Extracted material =>

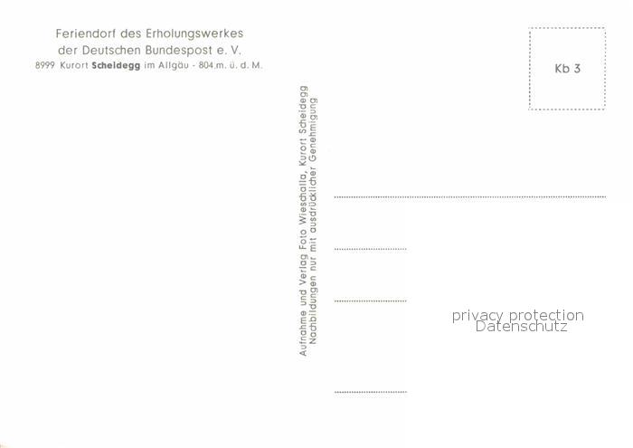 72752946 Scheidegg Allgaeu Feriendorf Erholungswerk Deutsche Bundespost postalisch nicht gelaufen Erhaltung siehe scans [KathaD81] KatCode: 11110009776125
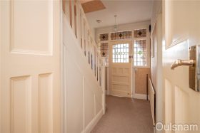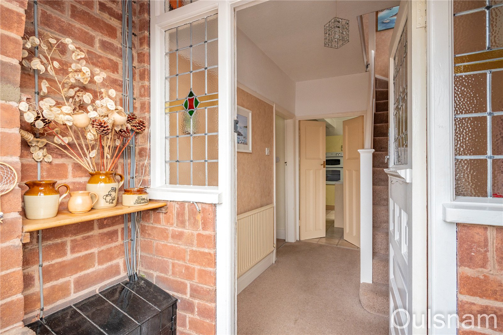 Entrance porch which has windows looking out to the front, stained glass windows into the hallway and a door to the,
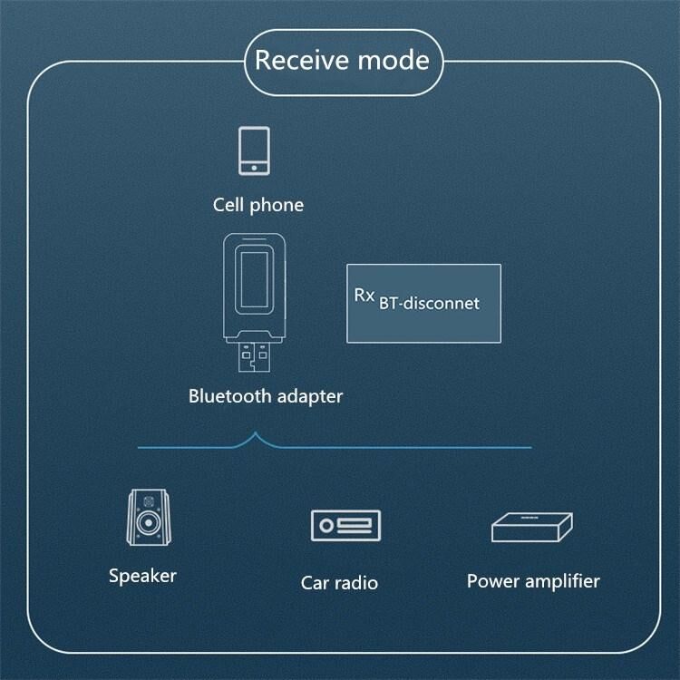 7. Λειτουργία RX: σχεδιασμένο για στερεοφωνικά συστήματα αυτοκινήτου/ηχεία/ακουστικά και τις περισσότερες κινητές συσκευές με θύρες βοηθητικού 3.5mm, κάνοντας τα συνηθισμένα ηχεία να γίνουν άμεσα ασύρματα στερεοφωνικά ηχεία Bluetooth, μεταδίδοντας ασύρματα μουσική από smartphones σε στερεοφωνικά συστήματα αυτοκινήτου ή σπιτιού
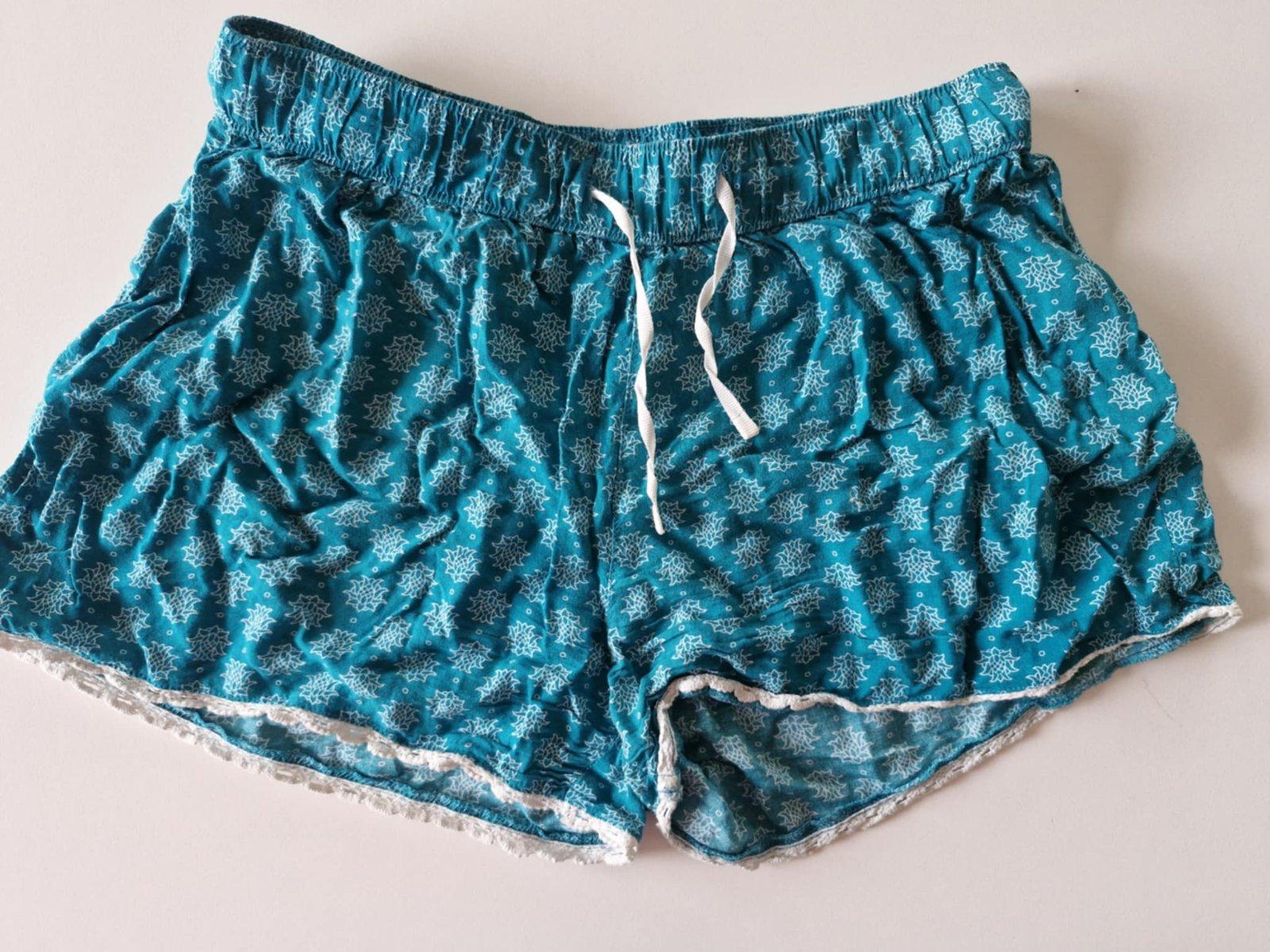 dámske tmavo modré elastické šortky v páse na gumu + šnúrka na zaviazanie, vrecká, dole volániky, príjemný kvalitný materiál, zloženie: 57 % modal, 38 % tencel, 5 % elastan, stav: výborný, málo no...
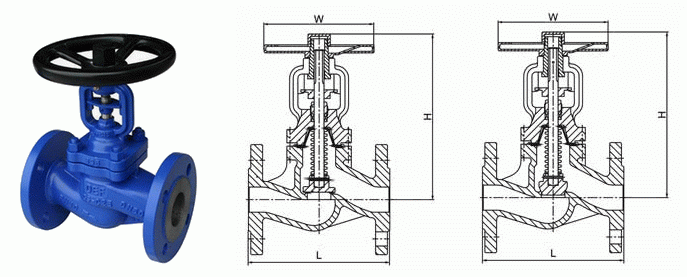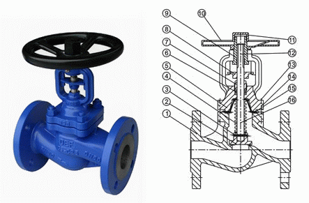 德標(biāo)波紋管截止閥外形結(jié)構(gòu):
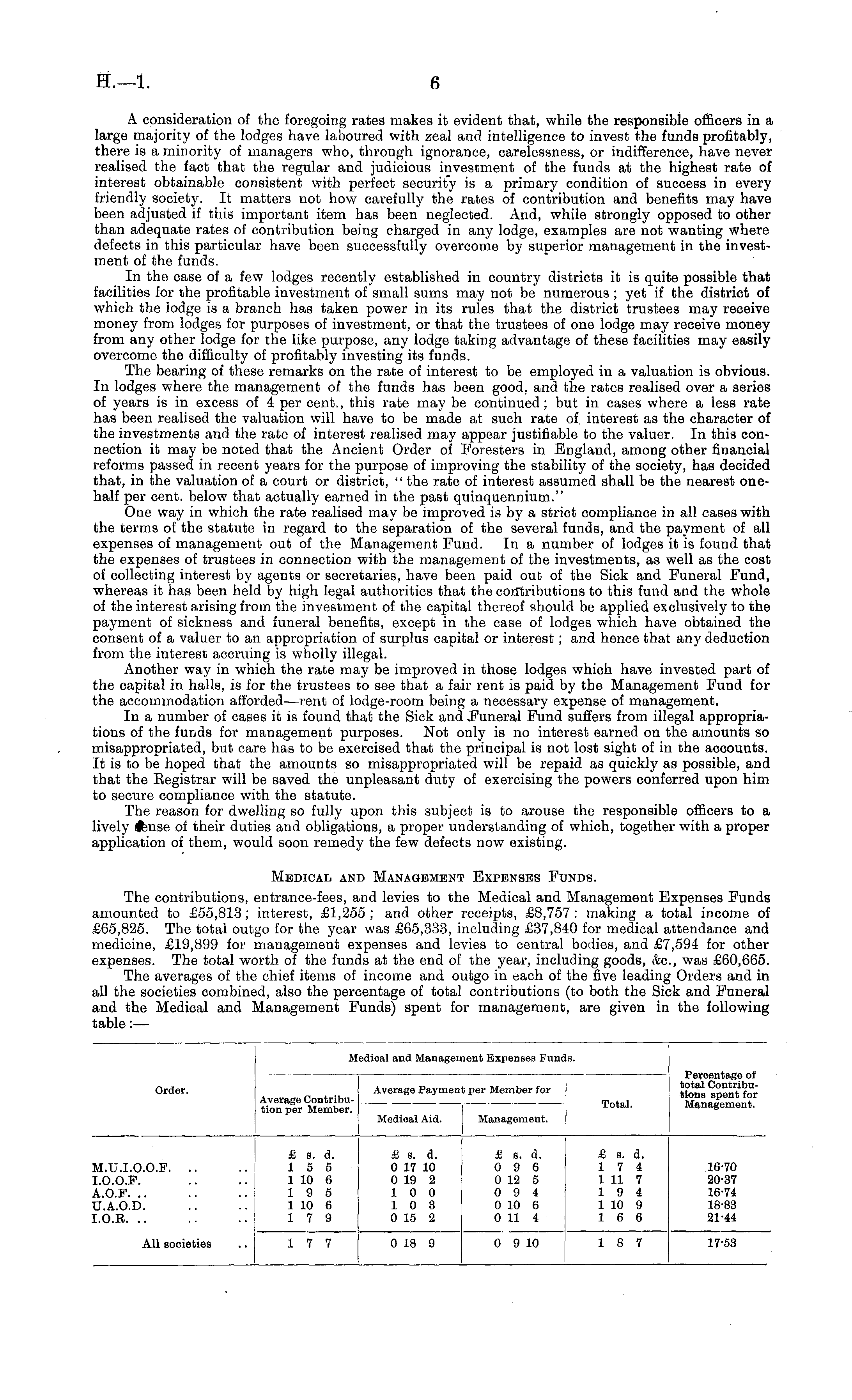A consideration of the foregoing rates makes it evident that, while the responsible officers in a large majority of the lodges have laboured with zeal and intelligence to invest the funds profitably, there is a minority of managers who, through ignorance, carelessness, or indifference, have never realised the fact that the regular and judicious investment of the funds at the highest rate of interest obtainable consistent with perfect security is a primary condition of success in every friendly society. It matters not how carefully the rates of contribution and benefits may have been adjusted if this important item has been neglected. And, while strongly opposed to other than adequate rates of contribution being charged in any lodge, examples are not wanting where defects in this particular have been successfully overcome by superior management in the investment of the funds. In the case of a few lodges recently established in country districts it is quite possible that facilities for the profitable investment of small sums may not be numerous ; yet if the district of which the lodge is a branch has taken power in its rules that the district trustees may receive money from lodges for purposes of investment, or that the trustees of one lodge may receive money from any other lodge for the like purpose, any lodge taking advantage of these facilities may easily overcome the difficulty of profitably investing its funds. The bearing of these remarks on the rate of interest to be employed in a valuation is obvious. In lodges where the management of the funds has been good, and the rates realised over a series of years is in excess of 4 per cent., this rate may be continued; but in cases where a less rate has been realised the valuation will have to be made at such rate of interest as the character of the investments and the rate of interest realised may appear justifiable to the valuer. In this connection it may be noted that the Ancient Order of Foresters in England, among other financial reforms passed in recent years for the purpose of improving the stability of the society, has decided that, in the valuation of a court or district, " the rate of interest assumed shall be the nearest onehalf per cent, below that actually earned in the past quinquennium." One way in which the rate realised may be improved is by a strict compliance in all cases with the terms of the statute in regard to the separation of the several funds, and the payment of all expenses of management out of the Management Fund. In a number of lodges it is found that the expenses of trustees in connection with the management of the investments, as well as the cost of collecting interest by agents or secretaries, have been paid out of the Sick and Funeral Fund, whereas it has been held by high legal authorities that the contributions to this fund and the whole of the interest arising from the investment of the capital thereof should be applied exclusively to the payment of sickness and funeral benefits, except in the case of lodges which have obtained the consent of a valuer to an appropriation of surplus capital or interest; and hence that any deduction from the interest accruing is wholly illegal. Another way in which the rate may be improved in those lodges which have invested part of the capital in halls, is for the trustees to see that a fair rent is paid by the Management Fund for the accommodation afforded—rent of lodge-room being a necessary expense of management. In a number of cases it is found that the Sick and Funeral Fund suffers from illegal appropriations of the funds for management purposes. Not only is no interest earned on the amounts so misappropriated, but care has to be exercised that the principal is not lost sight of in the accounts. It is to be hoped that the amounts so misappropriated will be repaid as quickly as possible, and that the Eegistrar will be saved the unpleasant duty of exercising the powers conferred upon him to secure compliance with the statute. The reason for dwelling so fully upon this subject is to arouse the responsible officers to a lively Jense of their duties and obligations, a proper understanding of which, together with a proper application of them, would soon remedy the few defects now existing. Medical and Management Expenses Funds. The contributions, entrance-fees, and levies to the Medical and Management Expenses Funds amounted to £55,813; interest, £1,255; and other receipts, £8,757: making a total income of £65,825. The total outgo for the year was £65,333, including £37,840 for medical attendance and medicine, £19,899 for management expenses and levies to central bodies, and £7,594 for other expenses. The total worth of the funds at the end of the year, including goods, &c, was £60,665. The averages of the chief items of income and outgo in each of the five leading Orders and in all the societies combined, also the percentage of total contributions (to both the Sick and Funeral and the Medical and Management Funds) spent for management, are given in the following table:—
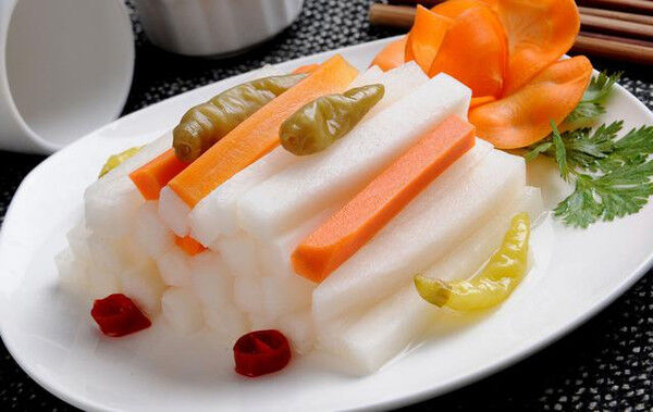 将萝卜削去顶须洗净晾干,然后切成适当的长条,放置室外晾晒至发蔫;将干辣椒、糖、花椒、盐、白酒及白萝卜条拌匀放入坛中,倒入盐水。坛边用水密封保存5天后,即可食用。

Exercise directions =>
Only an exact, picture-free copy of the entries counts as the answer.

Answer to this task =>
 72752946 Scheidegg Allgaeu Feriendorf Erholungswerk Deutsche Bundespost postalisch nicht gelaufen Erhaltung siehe scans [KathaD81] KatCode: 11110009776125
 Entrance porch which has windows looking out to the front, stained glass windows into the hallway and a door to the,
 7. Λειτουργία RX: σχεδιασμένο για στερεοφωνικά συστήματα αυτοκινήτου/ηχεία/ακουστικά και τις περισσότερες κινητές συσκευές με θύρες βοηθητικού 3.5mm, κάνοντας τα συνηθισμένα ηχεία να γίνουν άμεσα ασύρματα στερεοφωνικά ηχεία Bluetooth, μεταδίδοντας ασύρματα μουσική από smartphones σε στερεοφωνικά συστήματα αυτοκινήτου ή σπιτιού
 dámske tmavo modré elastické šortky v páse na gumu + šnúrka na zaviazanie, vrecká, dole volániky, príjemný kvalitný materiál, zloženie: 57 % modal, 38 % tencel, 5 % elastan, stav: výborný, málo no...
 德標(biāo)波紋管截止閥外形結(jié)構(gòu):
A consideration of the foregoing rates makes it evident that, while the responsible officers in a large majority of the lodges have laboured with zeal and intelligence to invest the funds profitably, there is a minority of managers who, through ignorance, carelessness, or indifference, have never realised the fact that the regular and judicious investment of the funds at the highest rate of interest obtainable consistent with perfect security is a primary condition of success in every friendly society. It matters not how carefully the rates of contribution and benefits may have been adjusted if this important item has been neglected. And, while strongly opposed to other than adequate rates of contribution being charged in any lodge, examples are not wanting where defects in this particular have been successfully overcome by superior management in the investment of the funds. In the case of a few lodges recently established in country districts it is quite possible that facilities for the profitable investment of small sums may not be numerous ; yet if the district of which the lodge is a branch has taken power in its rules that the district trustees may receive money from lodges for purposes of investment, or that the trustees of one lodge may receive money from any other lodge for the like purpose, any lodge taking advantage of these facilities may easily overcome the difficulty of profitably investing its funds. The bearing of these remarks on the rate of interest to be employed in a valuation is obvious. In lodges where the management of the funds has been good, and the rates realised over a series of years is in excess of 4 per cent., this rate may be continued; but in cases where a less rate has been realised the valuation will have to be made at such rate of interest as the character of the investments and the rate of interest realised may appear justifiable to the valuer. In this connection it may be noted that the Ancient Order of Foresters in England, among other financial reforms passed in recent years for the purpose of improving the stability of the society, has decided that, in the valuation of a court or district, " the rate of interest assumed shall be the nearest onehalf per cent, below that actually earned in the past quinquennium." One way in which the rate realised may be improved is by a strict compliance in all cases with the terms of the statute in regard to the separation of the several funds, and the payment of all expenses of management out of the Management Fund. In a number of lodges it is found that the expenses of trustees in connection with the management of the investments, as well as the cost of collecting interest by agents or secretaries, have been paid out of the Sick and Funeral Fund, whereas it has been held by high legal authorities that the contributions to this fund and the whole of the interest arising from the investment of the capital thereof should be applied exclusively to the payment of sickness and funeral benefits, except in the case of lodges which have obtained the consent of a valuer to an appropriation of surplus capital or interest; and hence that any deduction from the interest accruing is wholly illegal. Another way in which the rate may be improved in those lodges which have invested part of the capital in halls, is for the trustees to see that a fair rent is paid by the Management Fund for the accommodation afforded—rent of lodge-room being a necessary expense of management. In a number of cases it is found that the Sick and Funeral Fund suffers from illegal appropriations of the funds for management purposes. Not only is no interest earned on the amounts so misappropriated, but care has to be exercised that the principal is not lost sight of in the accounts. It is to be hoped that the amounts so misappropriated will be repaid as quickly as possible, and that the Eegistrar will be saved the unpleasant duty of exercising the powers conferred upon him to secure compliance with the statute. The reason for dwelling so fully upon this subject is to arouse the responsible officers to a lively Jense of their duties and obligations, a proper understanding of which, together with a proper application of them, would soon remedy the few defects now existing. Medical and Management Expenses Funds. The contributions, entrance-fees, and levies to the Medical and Management Expenses Funds amounted to £55,813; interest, £1,255; and other receipts, £8,757: making a total income of £65,825. The total outgo for the year was £65,333, including £37,840 for medical attendance and medicine, £19,899 for management expenses and levies to central bodies, and £7,594 for other expenses. The total worth of the funds at the end of the year, including goods, &c, was £60,665. The averages of the chief items of income and outgo in each of the five leading Orders and in all the societies combined, also the percentage of total contributions (to both the Sick and Funeral and the Medical and Management Funds) spent for management, are given in the following table:—
 将萝卜削去顶须洗净晾干,然后切成适当的长条,放置室外晾晒至发蔫;将干辣椒、糖、花椒、盐、白酒及白萝卜条拌匀放入坛中,倒入盐水。坛边用水密封保存5天后,即可食用。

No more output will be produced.